At its core, Clawdbot is a TypeScript CLI application.

It’s not Python, Next.js, or a web app.

It’s a process that:

  • Runs on your machine and exposes a gateway server to handle all channel connections (telegram, whatsapp, slack, etc.)
  • Makes calls to LLM APIs (Anthropic, OpenAI, local, etc.)
  • Executes tools locally
  • And does whatever you want on your computer

The Architecture

To explain the architecture more simply, here’s what happens when you message Clawdbot on a messenger:

1. Channel Adapter

A Channel Adapter takes your message and processes it (normalize, extract attachments). Different messengers and input streams have their dedicated adapters.

2. Gateway Server

The Gateway Server is the task/session coordinator. It takes your message and passes it to the right session. This is the heart of Clawdbot. It handles multiple overlapping requests.

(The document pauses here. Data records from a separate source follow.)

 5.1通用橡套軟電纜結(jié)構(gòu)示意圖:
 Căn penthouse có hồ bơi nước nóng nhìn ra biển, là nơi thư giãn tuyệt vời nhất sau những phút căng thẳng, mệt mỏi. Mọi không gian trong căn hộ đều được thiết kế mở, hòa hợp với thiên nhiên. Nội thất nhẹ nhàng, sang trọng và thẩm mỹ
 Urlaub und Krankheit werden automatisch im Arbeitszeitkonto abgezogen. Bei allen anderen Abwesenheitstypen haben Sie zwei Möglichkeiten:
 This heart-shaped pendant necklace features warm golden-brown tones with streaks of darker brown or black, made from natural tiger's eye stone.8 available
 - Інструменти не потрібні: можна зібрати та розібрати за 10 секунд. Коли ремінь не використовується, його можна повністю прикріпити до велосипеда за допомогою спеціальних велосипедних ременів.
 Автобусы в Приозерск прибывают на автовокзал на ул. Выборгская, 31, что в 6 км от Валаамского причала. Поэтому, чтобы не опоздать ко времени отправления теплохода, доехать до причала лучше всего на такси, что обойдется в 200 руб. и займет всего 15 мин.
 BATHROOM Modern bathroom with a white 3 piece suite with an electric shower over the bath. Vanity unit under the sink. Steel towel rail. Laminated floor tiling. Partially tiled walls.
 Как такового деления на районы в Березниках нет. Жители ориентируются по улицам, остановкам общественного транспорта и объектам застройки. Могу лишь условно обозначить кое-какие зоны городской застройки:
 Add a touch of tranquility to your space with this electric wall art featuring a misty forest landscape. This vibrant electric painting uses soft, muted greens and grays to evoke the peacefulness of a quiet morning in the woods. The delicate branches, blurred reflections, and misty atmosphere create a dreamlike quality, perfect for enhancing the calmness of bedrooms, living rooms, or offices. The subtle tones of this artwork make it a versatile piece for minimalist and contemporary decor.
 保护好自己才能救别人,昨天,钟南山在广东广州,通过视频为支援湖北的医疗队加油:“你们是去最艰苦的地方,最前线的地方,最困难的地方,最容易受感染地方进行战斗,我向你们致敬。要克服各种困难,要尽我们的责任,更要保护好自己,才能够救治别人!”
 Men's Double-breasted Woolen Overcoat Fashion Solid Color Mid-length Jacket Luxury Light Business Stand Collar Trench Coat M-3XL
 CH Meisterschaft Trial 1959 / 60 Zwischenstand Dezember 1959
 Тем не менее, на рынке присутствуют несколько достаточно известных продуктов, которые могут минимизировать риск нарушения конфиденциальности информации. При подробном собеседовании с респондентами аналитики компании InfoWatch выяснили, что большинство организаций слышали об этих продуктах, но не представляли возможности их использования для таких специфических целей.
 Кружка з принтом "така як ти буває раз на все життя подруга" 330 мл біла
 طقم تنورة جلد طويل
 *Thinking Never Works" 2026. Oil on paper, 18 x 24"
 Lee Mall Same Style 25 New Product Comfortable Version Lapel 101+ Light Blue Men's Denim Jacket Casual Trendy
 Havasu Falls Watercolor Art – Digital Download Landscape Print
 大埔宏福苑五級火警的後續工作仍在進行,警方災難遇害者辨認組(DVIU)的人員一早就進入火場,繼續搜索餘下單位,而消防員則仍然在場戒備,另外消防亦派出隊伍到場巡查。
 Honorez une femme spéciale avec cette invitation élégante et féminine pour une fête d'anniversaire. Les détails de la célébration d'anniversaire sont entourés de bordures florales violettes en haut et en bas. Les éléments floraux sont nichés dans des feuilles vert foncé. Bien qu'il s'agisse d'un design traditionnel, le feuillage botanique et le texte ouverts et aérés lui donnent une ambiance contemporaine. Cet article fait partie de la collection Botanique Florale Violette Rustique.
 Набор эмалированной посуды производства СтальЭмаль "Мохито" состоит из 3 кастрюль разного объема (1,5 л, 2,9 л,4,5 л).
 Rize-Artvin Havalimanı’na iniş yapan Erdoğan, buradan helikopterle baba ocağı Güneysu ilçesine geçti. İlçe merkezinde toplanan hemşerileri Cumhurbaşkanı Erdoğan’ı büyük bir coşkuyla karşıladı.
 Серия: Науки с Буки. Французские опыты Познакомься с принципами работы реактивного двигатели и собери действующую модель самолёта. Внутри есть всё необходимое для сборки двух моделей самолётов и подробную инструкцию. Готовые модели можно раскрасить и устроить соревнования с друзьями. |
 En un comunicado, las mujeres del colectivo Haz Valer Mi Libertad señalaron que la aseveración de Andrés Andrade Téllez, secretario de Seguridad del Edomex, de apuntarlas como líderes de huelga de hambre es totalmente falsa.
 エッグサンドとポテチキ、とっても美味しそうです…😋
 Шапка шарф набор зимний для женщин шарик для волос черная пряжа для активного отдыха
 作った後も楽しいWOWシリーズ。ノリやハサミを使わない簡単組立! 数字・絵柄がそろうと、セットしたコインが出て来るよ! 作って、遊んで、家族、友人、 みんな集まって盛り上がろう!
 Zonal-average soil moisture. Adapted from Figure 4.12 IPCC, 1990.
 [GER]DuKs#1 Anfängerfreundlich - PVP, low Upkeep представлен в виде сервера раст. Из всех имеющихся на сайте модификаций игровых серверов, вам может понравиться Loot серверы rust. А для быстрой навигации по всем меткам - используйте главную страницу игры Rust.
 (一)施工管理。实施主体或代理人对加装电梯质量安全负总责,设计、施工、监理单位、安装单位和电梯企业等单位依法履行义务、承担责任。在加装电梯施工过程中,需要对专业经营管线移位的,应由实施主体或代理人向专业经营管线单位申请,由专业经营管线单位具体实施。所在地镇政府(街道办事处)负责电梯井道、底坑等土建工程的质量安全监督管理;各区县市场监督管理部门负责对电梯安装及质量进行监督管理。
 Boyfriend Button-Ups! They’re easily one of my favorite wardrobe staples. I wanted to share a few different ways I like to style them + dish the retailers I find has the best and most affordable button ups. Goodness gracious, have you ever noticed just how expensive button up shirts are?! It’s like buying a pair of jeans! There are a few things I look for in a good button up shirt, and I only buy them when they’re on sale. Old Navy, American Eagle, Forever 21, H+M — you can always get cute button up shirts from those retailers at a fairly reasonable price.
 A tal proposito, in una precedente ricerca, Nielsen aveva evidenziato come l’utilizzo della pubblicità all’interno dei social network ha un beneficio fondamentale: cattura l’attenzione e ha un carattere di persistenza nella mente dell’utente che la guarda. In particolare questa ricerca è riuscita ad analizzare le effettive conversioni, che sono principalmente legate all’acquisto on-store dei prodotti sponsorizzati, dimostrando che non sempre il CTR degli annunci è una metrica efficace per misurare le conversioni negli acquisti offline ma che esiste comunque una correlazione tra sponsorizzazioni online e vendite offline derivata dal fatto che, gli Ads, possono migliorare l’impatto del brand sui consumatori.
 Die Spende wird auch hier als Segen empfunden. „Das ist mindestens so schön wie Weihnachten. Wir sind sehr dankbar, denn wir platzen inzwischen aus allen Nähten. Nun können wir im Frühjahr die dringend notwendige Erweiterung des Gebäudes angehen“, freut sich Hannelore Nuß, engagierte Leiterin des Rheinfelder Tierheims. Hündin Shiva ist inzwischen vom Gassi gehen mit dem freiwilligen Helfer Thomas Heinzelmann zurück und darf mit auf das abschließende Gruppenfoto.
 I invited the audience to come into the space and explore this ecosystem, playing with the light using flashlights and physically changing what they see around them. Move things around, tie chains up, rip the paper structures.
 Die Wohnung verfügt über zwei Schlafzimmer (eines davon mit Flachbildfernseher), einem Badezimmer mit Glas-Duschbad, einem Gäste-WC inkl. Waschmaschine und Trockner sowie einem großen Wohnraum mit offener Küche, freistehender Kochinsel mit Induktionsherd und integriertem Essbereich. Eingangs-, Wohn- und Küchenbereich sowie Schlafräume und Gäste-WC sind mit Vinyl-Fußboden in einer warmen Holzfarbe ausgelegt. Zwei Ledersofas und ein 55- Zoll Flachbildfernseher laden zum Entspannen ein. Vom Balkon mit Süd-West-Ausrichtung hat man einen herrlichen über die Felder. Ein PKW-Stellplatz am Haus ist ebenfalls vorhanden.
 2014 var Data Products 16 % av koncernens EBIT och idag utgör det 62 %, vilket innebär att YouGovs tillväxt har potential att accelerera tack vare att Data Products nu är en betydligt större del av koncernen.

Lane-Based Command Queue : An abstraction over queues where serialization is the default architecture. A session has its own dedicated lane, and low-risk parallelizable tasks can run in parallel lanes. This shifts the mental model from “what do I need to lock?” to “what’s safe to parallelize?”

To serialize operations, Clawdbot uses a lane-based command queue. A session has its own dedicated lane, and low-risk parallelizable tasks can run in parallel lanes (cron jobs).

This is in contrast to using async/await spaghetti. Over-parallelization hurts reliability and brings out a huge swarm of debugging nightmares.

Default to Serial, go for Parallel explicitly.

If you’ve worked with agents you’ve already realized this to some extent. This is also the insight from Cognition’s “Don’t Build Multi-Agents” blog post. A simple async setup per agent will leave you with a dump of interleaved garbage. Logs will be unreadable, and if they share states, race conditions will be a constant fear you must account for in development.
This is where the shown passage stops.